▶ [Work order]: Look in the data below for the line that has "Datasheet for the", then print exactly every line from there through the line that has "Joyboost! AIで、人を社会を幸せにする」という理念を掲げ、マルチエージェント技術を利用した「miibo Agent", leaving pictures out.

▶ [Input data]:

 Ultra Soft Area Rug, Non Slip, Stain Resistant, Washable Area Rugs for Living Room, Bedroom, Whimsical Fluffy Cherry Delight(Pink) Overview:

--

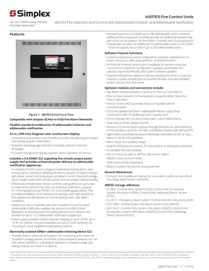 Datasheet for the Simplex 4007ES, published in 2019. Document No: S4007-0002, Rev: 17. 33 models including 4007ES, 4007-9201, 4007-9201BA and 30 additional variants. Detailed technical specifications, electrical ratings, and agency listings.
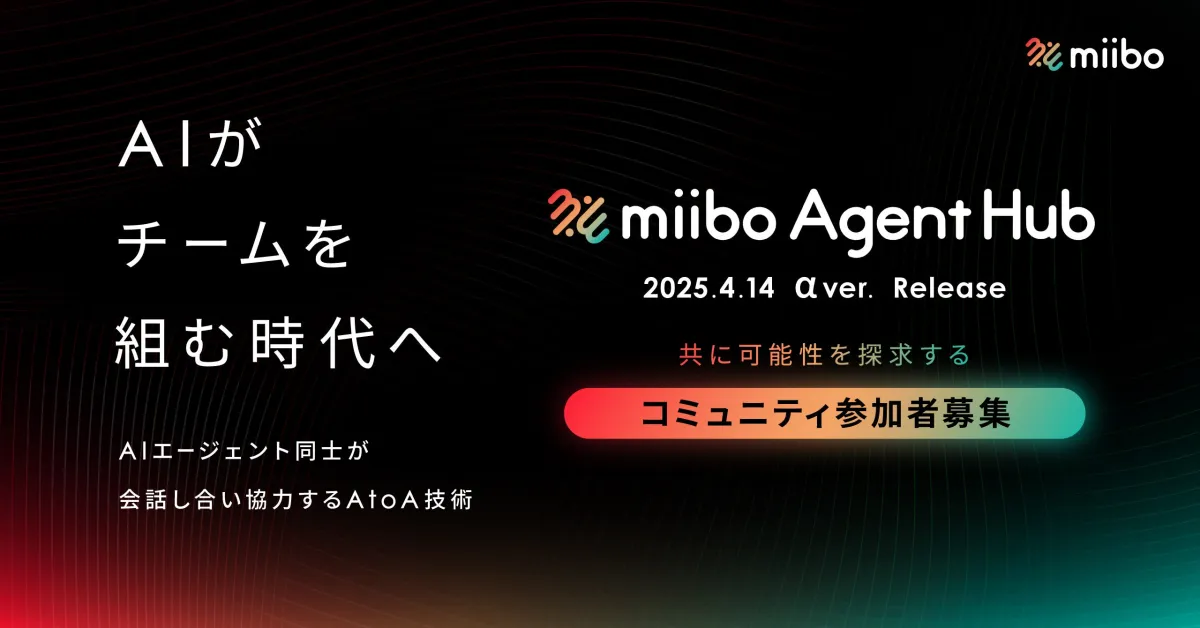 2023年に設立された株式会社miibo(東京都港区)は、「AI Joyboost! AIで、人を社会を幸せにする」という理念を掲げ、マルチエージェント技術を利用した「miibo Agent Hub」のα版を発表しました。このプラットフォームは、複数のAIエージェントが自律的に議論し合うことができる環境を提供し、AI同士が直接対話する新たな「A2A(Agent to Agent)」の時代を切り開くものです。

▶ [Solution for this task]:
 Datasheet for the Simplex 4007ES, published in 2019. Document No: S4007-0002, Rev: 17. 33 models including 4007ES, 4007-9201, 4007-9201BA and 30 additional variants. Detailed technical specifications, electrical ratings, and agency listings.
 2023年に設立された株式会社miibo(東京都港区)は、「AI Joyboost! AIで、人を社会を幸せにする」という理念を掲げ、マルチエージェント技術を利用した「miibo Agent Hub」のα版を発表しました。このプラットフォームは、複数のAIエージェントが自律的に議論し合うことができる環境を提供し、AI同士が直接対話する新たな「A2A(Agent to Agent)」の時代を切り開くものです。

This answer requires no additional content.